The Birth of the Deep State: A History

Friday, November 15, 2019
By Paul Martin

By Peter C. Earle
ActivistPost.com
NOVEMBER 14, 2019

Every presidential administration finds some degree of internal resistance. That which has confronted the Trump Administration, however, seems to be the most active and aggressive ever. From “Anonymous”, to a record number of leakers, to physically hiding documents from the President, a large and active bureaucratic resistance is at work to stymie many of the Executive branch’s goals. Everything from secret military plans to embarrassing aspects of daily life in White House has been made public.

Indeed, the deep state (as the President and his defenders brand it) has been relentless. Nor is this purely partisan. The same deep state which is dogging Trump also prevented Obama from closing the prison at Guantanamo Bay, Cuba.

But where did the American deep state come from? Has it always been there?

In fact, the evolution of the deep state (and this choice of term, “evolution” as opposed to “creation”, will be explained later) is — some might say ironically — found in a nearly 140-year old anti-corruption “reform” measure; one that was explicitly focused upon depoliticizing the civilian component of the United States government.

Let’s first describe what is called the deep state. It is the unelected part of the state that is professionalized to the point that it can be secure in its place and power regardless of political trends. It has the well-earned habit of ignoring political comings and goings, confident in its mastery of its realm. It knows the system better than any elected interloper, and it also knows its interests: survive and flourish even in the midst of upheaval.

A Fertile Soil
In the decades before the Civil War, a minuscule civil service corps was staffed via what would seem perfectly corrupt by today’s standards: the “spoils system.” Positions were doled out to individuals who had actively supported candidates or raised substantial campaign donations contributing to the victory of the newly-incumbent political party. With the defeat of the party in power, previous appointees would leave government employment and be replaced by the favored and distinguished supporters of the new administration. Needless to say, the federal bureaucracy was highly, explicitly politicized; but it was also tiny, bore few powers, and in any event almost completely overturned every four years.

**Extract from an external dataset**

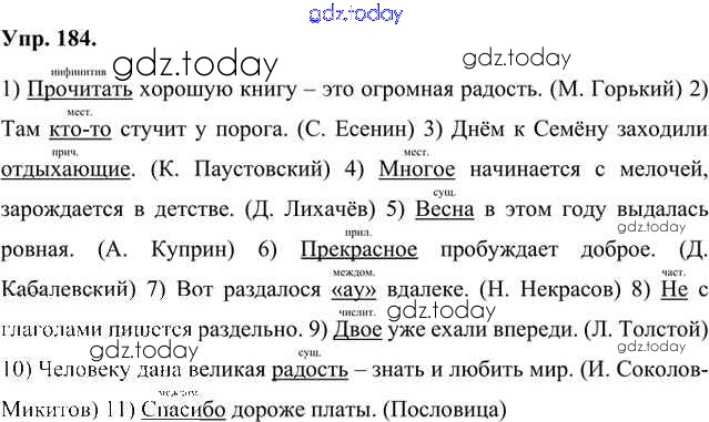 На страницах сайта gdz.today вы найдете учебный и вспомогательный материал, направленный на улучшения знаний школьной программы. ГДЗ - онлайн мир знаний Упражнения Часть 1 (решение) 184 Учебнику по Русскому языку для 8 класса Быстрова, Кибирева Русское слово Инновационная школа 2019

With the onset of the Progressive Era came the movement to introduce “science” to many previously independent or loosely organized endeavors, and the spoils system soon came under attack. The Pendleton Civil Service Reform Act (1883) created a merit-based system of examinations and other requirements, and a salaried class of government employees.

Design flaws
In a massive, highly structured organization — in particular, one in which both the benefits of long-term service and uncommon protection from termination are present, incentives to protect the status quo loom front and center. Despite what we must assume the best intentions of the civil service reform movement were — to professionalize government bureaucracies, remove the inefficiencies associated with positions held for the duration of political cycles and (something else) — three flaws in the design of the reforms would set the stage for the next phase of evolution in the American civil service. One was structural, two were misjudgments.

The structural error was building a provision into the Pendleton Act allowing the President to increase the size of the civilian employment of government at will. While in many such accounts it was in the course of the New Deal or during the Cold War that such growth was exploited, this one was immediately evident: indeed, Grover Cleveland, the successor to Arthur, expanded the civil service from 16,000 to 27,000.